At two factors, Carlson – a longtime Sinosceptic – requested Putin concerning the rising hazard of China to the US and different nations, corresponding to asking if he was nervous that growing nations had been changing into “dominated” by Chinese affect.

“We have heard these bogeyman stories before,” stated Putin. “China’s foreign policy is not aggressive; its idea is always to look for compromise…. it is to your own detriment, Mr Tucker, that you are limiting cooperation with China.”

Carlson additionally often sought Putin’s settlement on his perception that the US and different nations are not managed by elected politicians, however by a deep state forms, or that Ukraine is successfully managed by overseas pursuits.

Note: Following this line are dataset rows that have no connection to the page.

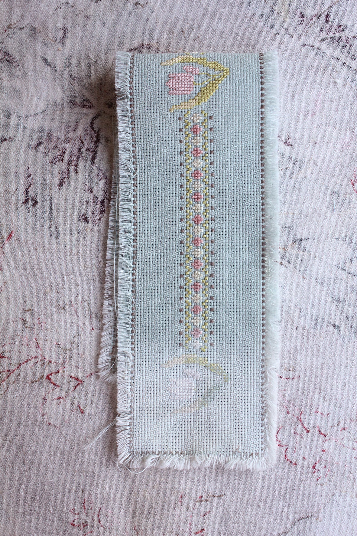 A sweet narrow needlepoint mat with an ombre blue base and decorated with a ribbon design and tulips.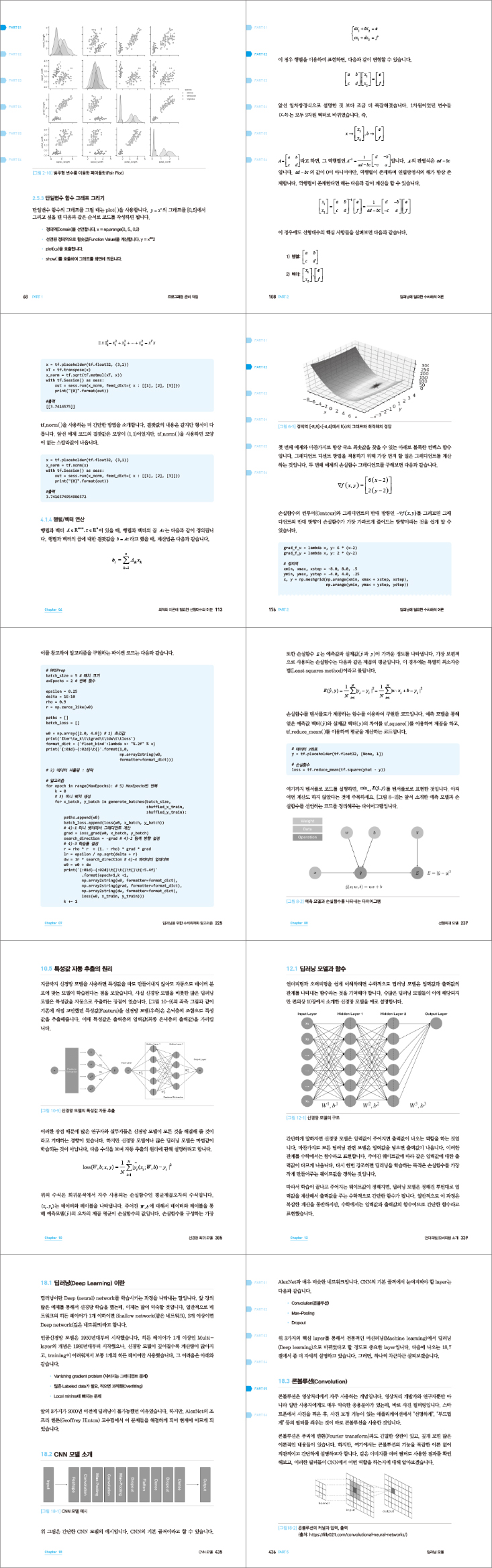 이러한 딥러닝 이론을 바탕으로, 책의 후반부에서는 실무에서 효과적으로 사용할 수 있는 딥러닝 모델을 소개함으로써 이론에만 치우치지 않고, 실무에도 도움이 되도록 내용을 구성했습니다.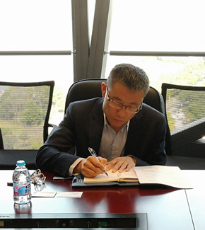 圖為國(guó)泰君安債務(wù)融資部總經(jīng)理黃寶毅作交流筆記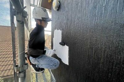 本日は外壁の上塗りを行いました。
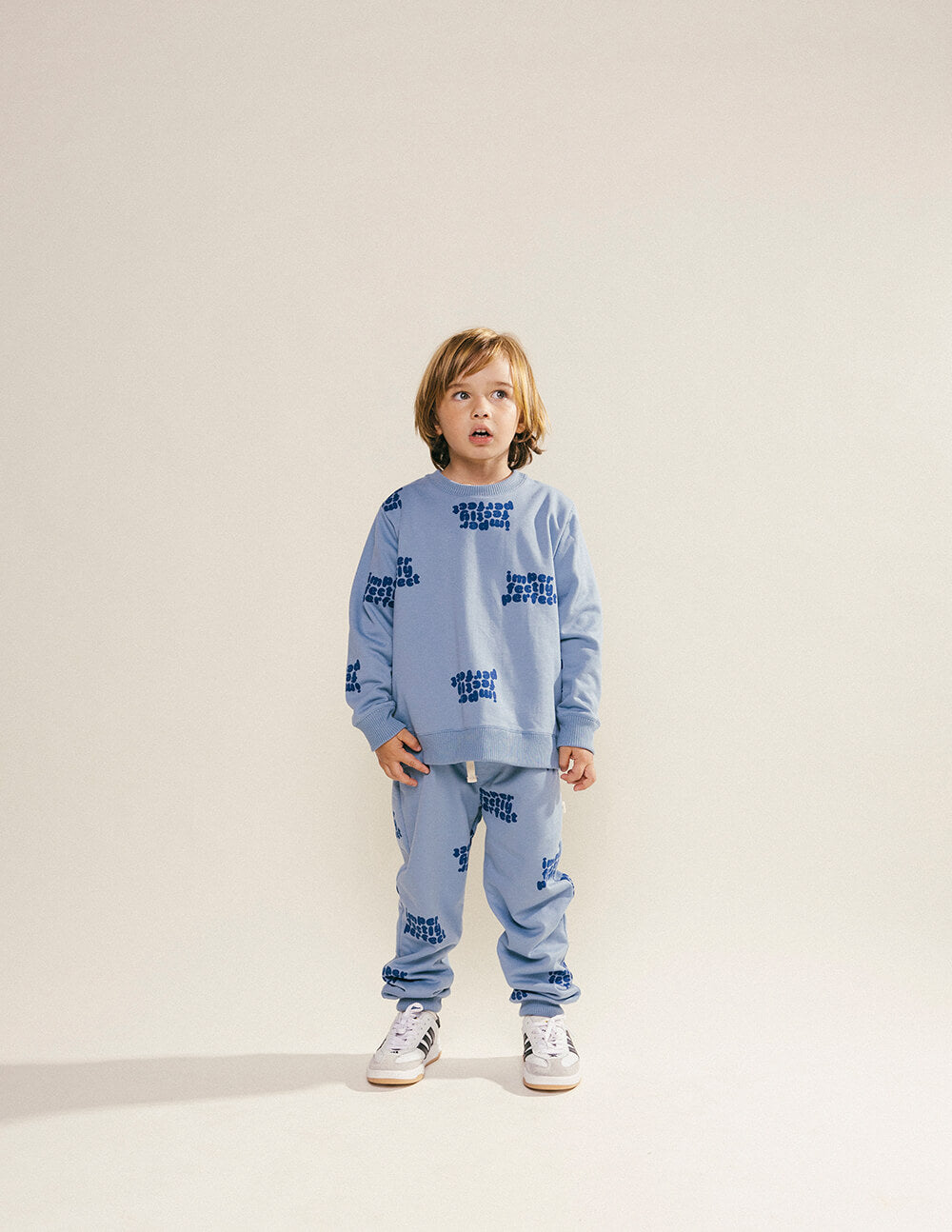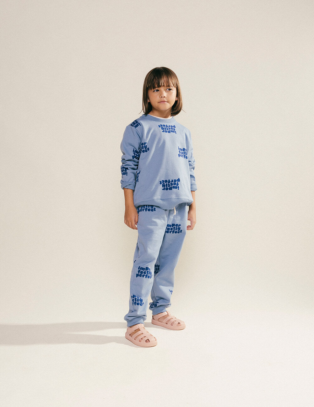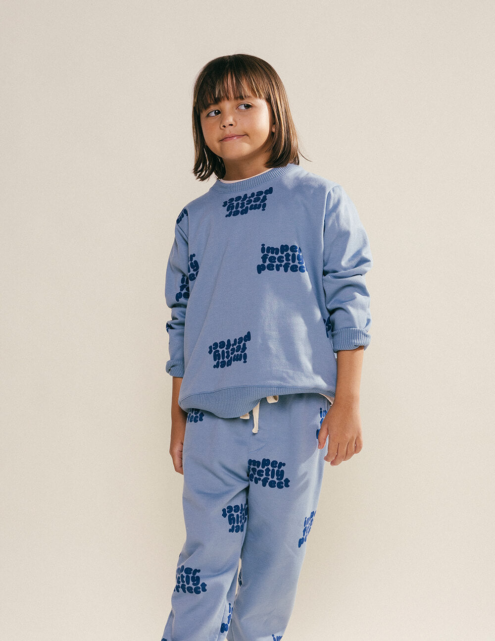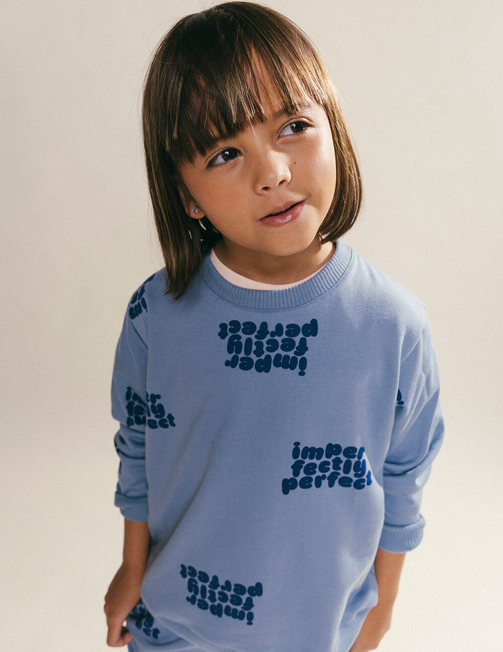 Buzo para niños, unisex, manga larga de cuello redondo. Tela deportiva con interior perchado, es decir, peludita y súper suave para mantener nuestros hijos muy abrigados y cómodos. Estampados con texto "Imperfectly Perfect" azul oscuro sobre azul medio, para recordarles que así como nosotros, estamos llenos de diferencias y defectos que nos hacen diferentes y perfectos. Vistamos su día a día con esperanza, para que con cada paso, siembren paz y cosechen un universo de amor. Perfecto para llevarlo en set con el jogger "Paloma".

Putin, although, didn’t at all times play ball, saying that he believed Zelensky has the liberty to barter a peace deal, and {that a} change of opinion amongst US elites may help that.

On one among these subjects, at the least, Putin was expansive: the specter of synthetic intelligence and the prospect of utilizing expertise to create a brand new type of humanity.

“Due to genetic researches, it is now possible to create a superhuman: a specialised human being, a genetically engineered athlete, scientist, military man….

“The time will come to achieve a world settlement on how one can regulate this stuff.”

A softball encounter with lots of agreement

In advance of his interview, Carlson made the bold claim that not a “single Western journalist” had bothered to interview the Russian president since the conflict began nearly two years ago.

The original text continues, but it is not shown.